4. Is There Potential for KOR Antagonism as a Management Strategy for Chronic Pain-Associated Negative Affect?

The dysphoric and negative affective states induced by KOR activation generated promise for KOR antagonists as a novel treatment strategy for mood disorders and pharmacotherapy for substance use disorders. A review is available summarizing the completed clinical trials that evaluated safety and effectiveness of KOR antagonists for treatments of substance use and mood disorders (Carlezon and Krystal 2016). Pharmacokinetic studies and potential drug interactions with ethanol were evaluated for the KOR antagonist LY2456302 in healthy subjects (Lowe et al. 2014) as was safety, tolerability, and pharmacokinetics of oral doses of JDTic, which was prematurely stopped due to cardiac adverse events (Buda et al. 2015). One mechanism implicated in KOR-mediated aversion and negative effects on mood is the modulation of mesolimbic dopamine circuitry (Van’t Veer and Carlezon 2013). This circuitry plays a central role in motivational processes and incorporates dopaminergic neurons in the VTA that project to the NAc (Berridge and Kringelbach 2013, 2015; Zarrindast and Khakpai 2015). KORs are known to modulate this circuitry by inhibiting dopamine release at dopaminergic nerve terminals within the NAc (Spanagel et al. 1992; Ebner et al. 2010; Cahill et al. 2014; Ehrich et al. 2015b; Chartoff et al. 2016). Considering that systems involved in affective aspects of pain processing and other affective and motivational systems interact extensively (Jarcho et al. 2012; Elman et al. 2013), there is potential that KOR blockade may prove to be a novel pain management strategy.

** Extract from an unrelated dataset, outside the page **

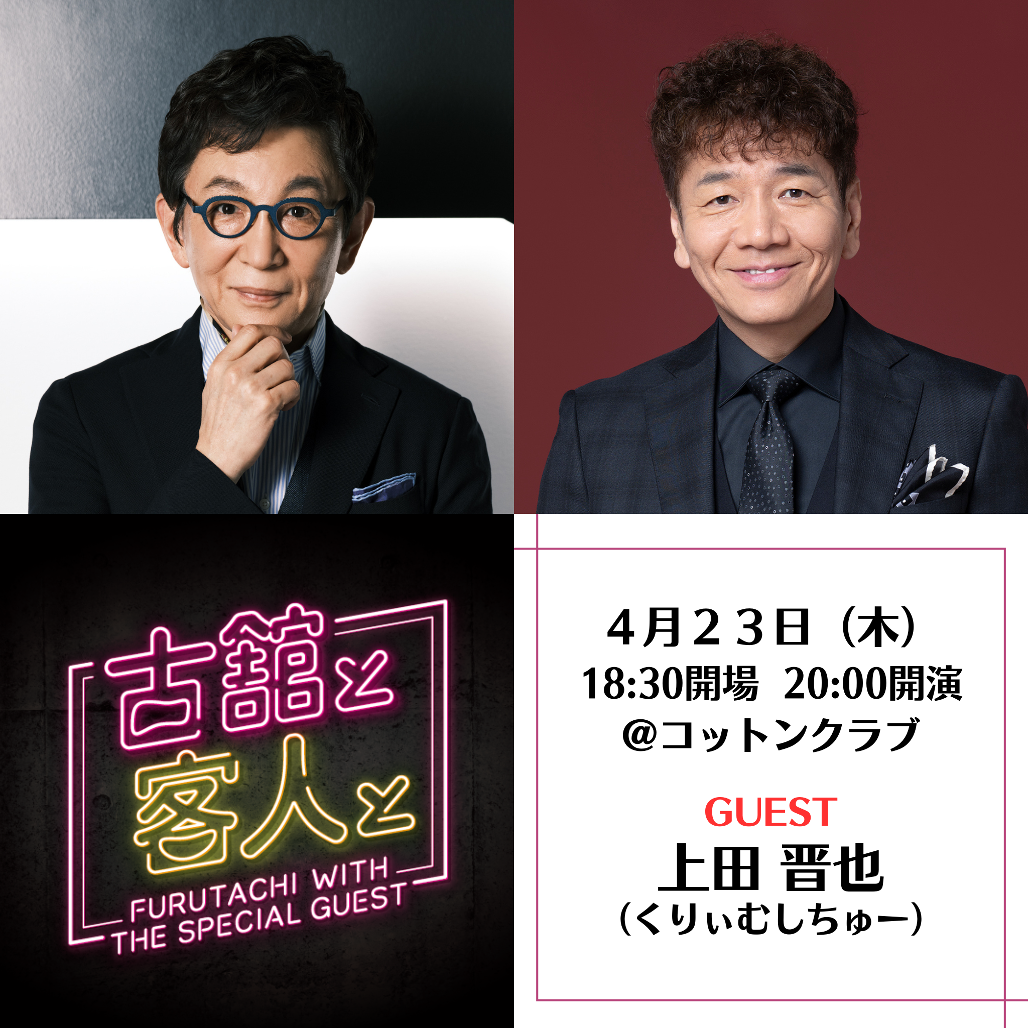 マイク一本で一人語りをする“トーキングブルース”など、「喋り屋」として確固たるポジションを築いてきた古舘伊知郎。2023年6月に新宿でスタートしたトークライヴ「古舘と客人と」が場所を移し、丸の内コットンクラブでの開催は24回目となる。今回は、歌手・タレントのミッツ・マングローブを迎えて、大いに語り合う。台本なし、演出なし、いわばオーディエンスの前でのプライベートトーク。古舘伊知郎がいま話したい人をゲストに迎え、サシで語り合う、その日・その時限りのプレミアムな雑談を、ぜひご一緒に!
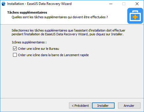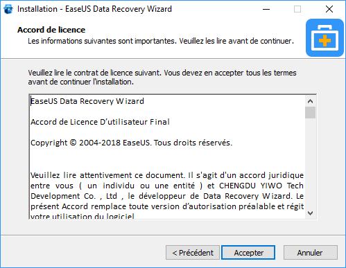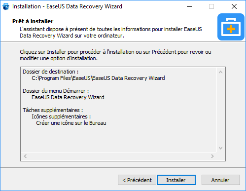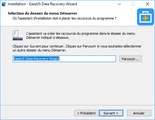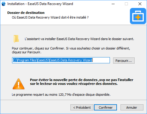 Choisissez l’emplacement dans lequel vous souhaitez installer EaseUS Data Recovery. Il est fortement déconseillé de l’installer sur un lecteur ou vous souhaitez récupérer des données. Lorsque c’est fait, cliquez sur Confirmer, puis sur Suivant.

Epidemiological evidence shows that chronic pain is second only to bipolar disorder as the major cause of suicide among all medical illnesses (Asmundson and Katz 2009; Elman et al. 2013) and that mood disorders are highly co-morbid in chronic pain patients, where the prevalence of depression ranges between 30 and 80%, depending on the pain etiology (Bair et al. 2003; Howe and Sullivan 2014). It is consistently reported that co-morbid psychopathology in patients with chronic pain exhibit increased pain intensity and increased pain-related disability (Jamison and Edwards 2013; Martel et al. 2014), thus managing negative affect holds promise in reducing pain ratings in patients with chronic pain. We, and others, identified that mesolimbic circuitry dysfunction (including dopamine neurotransmission) precipitates mood disorders, impairs motivated behavior, and likely contributes to chronic pain (Narita et al. 2005; Cahill et al. 2014; Hipólito et al. 2015; Taylor et al. 2015; Borsook et al. 2016; Evans and Cahill 2016; Cahill and Taylor 2017; Liu et al. 2019; Massaly et al. 2019). There is compelling evidence that KORs within the ventral striatum underlies negative affective states and heightens stress reactivity in psychiatric diseases (Ebner et al. 2010; Knoll and Carlezon 2010). Supporting this thesis is the report that prodynorphin mRNA was increased in the ventral striatum of victims of suicide (Hurd et al. 1997), although no difference in dynorphin levels in cerebral spinal fluid was found in patients with non-suicide self-injurious behavior, yet this group did have lower levels of other endogenous opioids (Stanley et al. 2010).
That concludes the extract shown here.